> DATA RECORDS

==============================

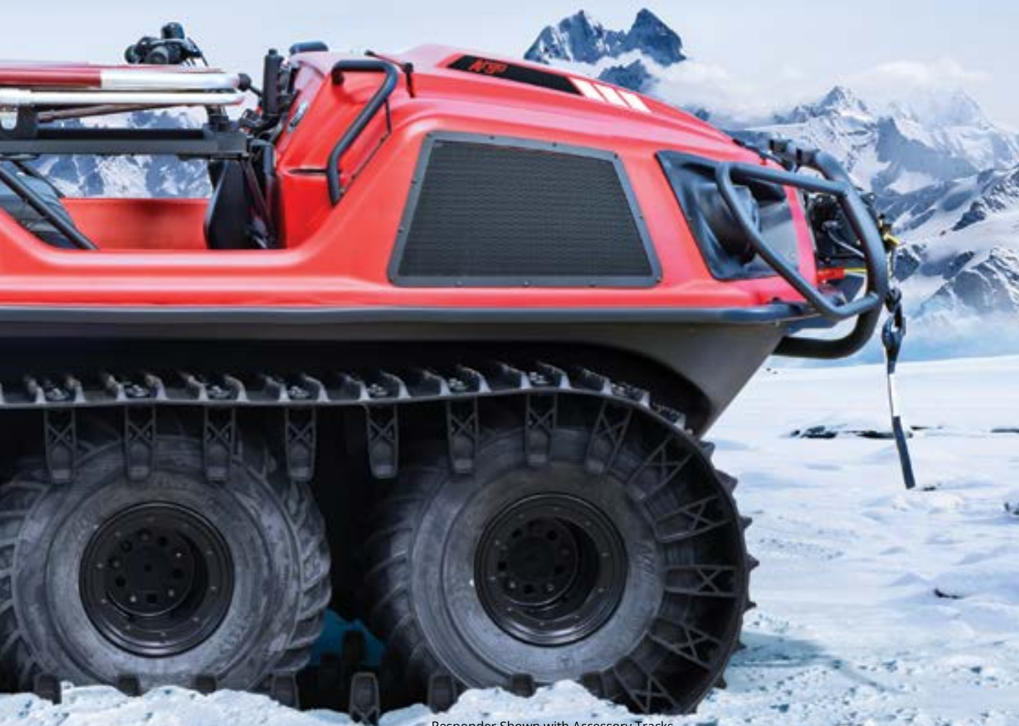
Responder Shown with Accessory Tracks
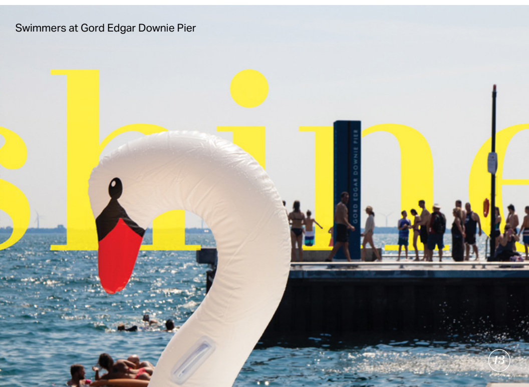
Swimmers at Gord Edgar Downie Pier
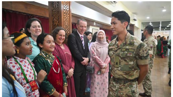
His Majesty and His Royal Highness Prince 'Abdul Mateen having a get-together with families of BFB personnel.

==============================

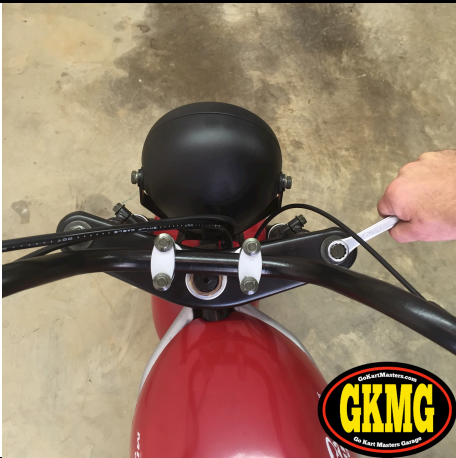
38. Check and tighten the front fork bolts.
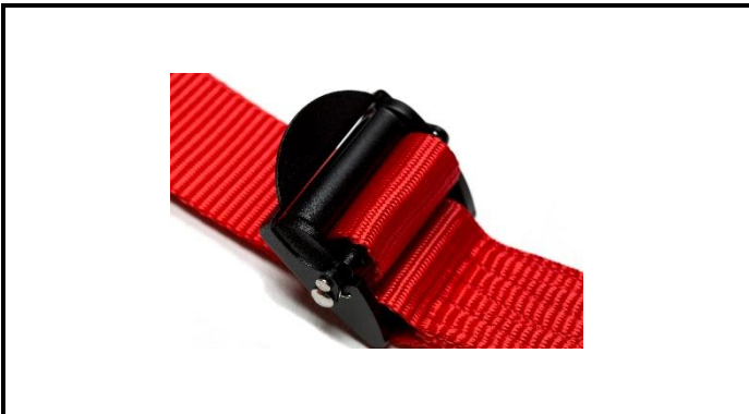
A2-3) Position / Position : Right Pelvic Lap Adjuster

==============================

> YOUR TASK
The expected output is the lines above from the one containing "Swimmers at Gord Edgar Downie Pier" to the one containing "His Majesty and", both ends included, reproduced exactly with every picture left out.

> TASK RESULT
Swimmers at Gord Edgar Downie Pier
His Majesty and His Royal Highness Prince 'Abdul Mateen having a get-together with families of BFB personnel.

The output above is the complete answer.